Jeff Lagarias, University of Michigan
Computational Topology of 3-Manifolds.
Abstract:
The interaction between topology and computation traces back to work of Dehn from 1907--1912 on combinatorial topology and knot invariants. Dehn formulated the word problem and conjugacy problem for finitely presented groups, which were some of the first problems later shown to be computationally undecidable. Three-dimensional topology problems seem to lie at the dividing line between computationally tractible and intractible problems. This talk surveys these connections and describes results obtained in the last few years on the computational difficulty of such problems as detecting unknottedness, computing the genus of a knot, and the complexity of computing various knot and 3-manifold invariants such as the Jones polynomial and Vassiliev invariants. Exciting future directions for research include connections with quantum computation.`

Peter Kropholler, Glasgow

Graham Niblo, Southampton
On the algebraic torus theorem.

Tuesday October 18

John Morgan, Columbia
Geometrization of Three-Dimensional Manifolds: A report on The Work of Hamilton and Perelman.
Abstract:
An overview of how one uses Ricci flow on the space of metrics on a closed three-dimensional manifold to establish the existence of the decomposition of the manifold into pieces admitting homogeneous geometries. We will review the foundational work of Hamilton on Ricci flow and the revolutionary advances of Perelman.

Bruce Kleiner, University of Michigan

Hyam Rubinstein, University of Melbourne
Polyhedral and geometric structures on 3-manifolds.
Abstract An interesting problem is to find a good polyhedral version of a geometric structure. I will talk about several possible approaches, including Casson and Rivin's angle structures, good triangulations. and higher dimensional cubical complexes. Another piece of evidence is a direct version of Swarup's result that the fundamental group of an atoroidal Haken manifold is word hyperbolic, using very short hierarchies.

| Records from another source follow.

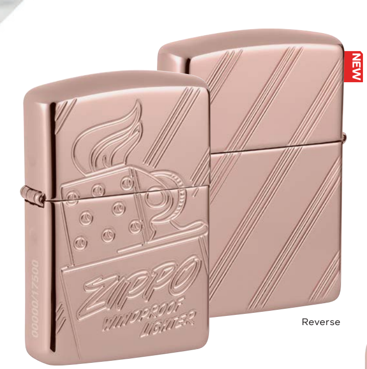
48768 Armor® High Polish Rose Gold Deep Carve/Laser Engrave
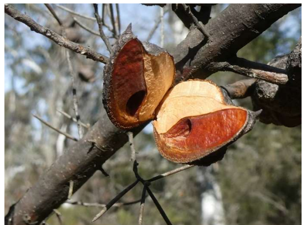
Hakea sericea open capsule
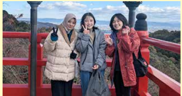
Visit various places with homestay parents (7th December)
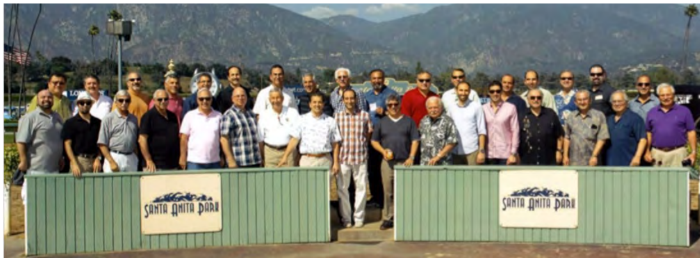
LA, OC and Sequoia Brothers at Santa Anita Day at the Races!
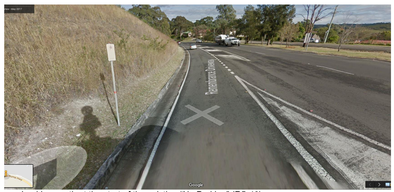
Looking south at the start of the existing "No Parking" (R5-40) zone
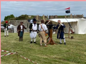
Pirate weekend at the fort May 23

The Sheppy Pirates set up for a long weekend at the fort for the late May bank holiday.
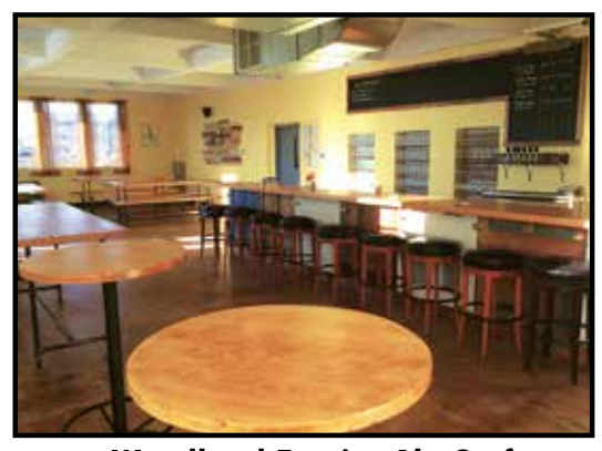
Woodland Empire Ale Craft
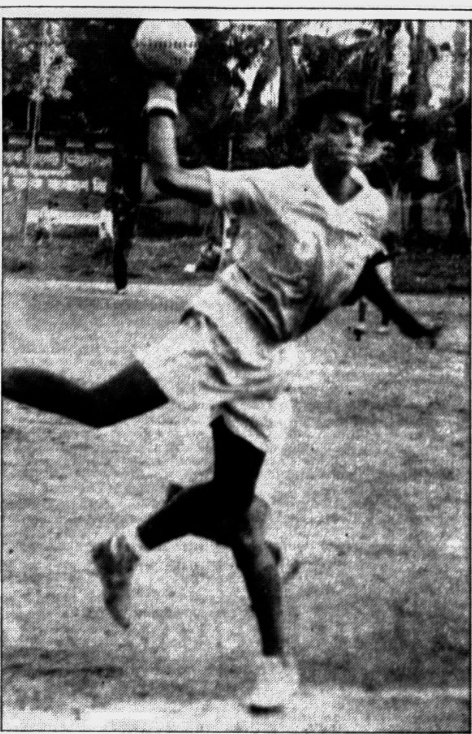
An unidentified Air Force man in action during the lone Cute First Division match against Christian Youth Club yesterday.

Series: India lead the 5-ODI series 2-0.
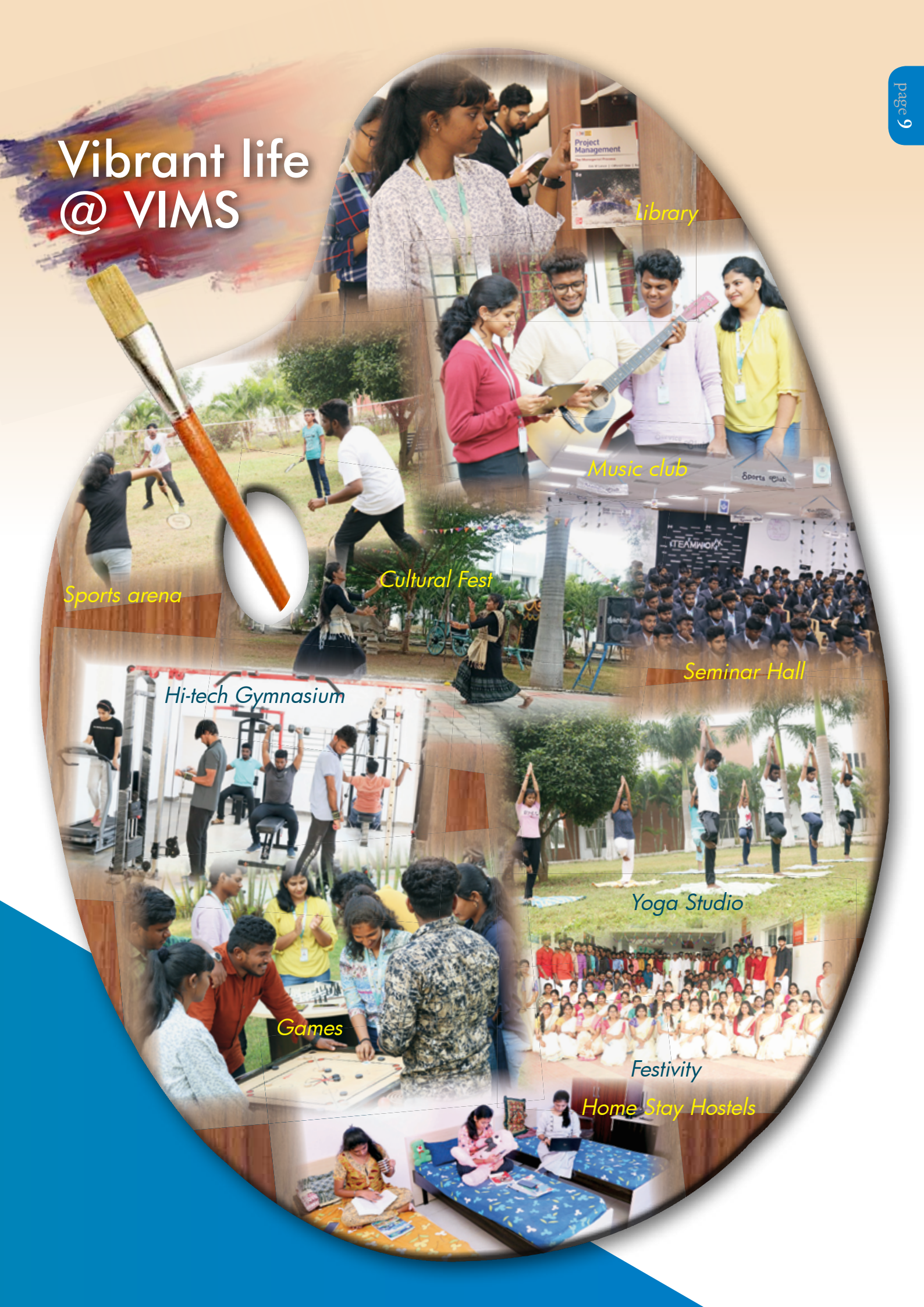
Home Stay Hostels

Vincent Guirardel, University Paul Sabatier
Intersection numbers and convex cores.
Abstract
We present the construction of a kind of "convex core" for the action of a group in the product of two trees. This geometric construction allows us to generalise and unify Scott's intersection number of a pair of splittings, the intersection number of a pair of measured foliations on a surface, and the apparition of surfaces in Fujiwara-Papasoglu's construction of the JSJ-splitting. We will discuss potential applications to the description of more general JSJ splittings, and to the study of Out(F_n).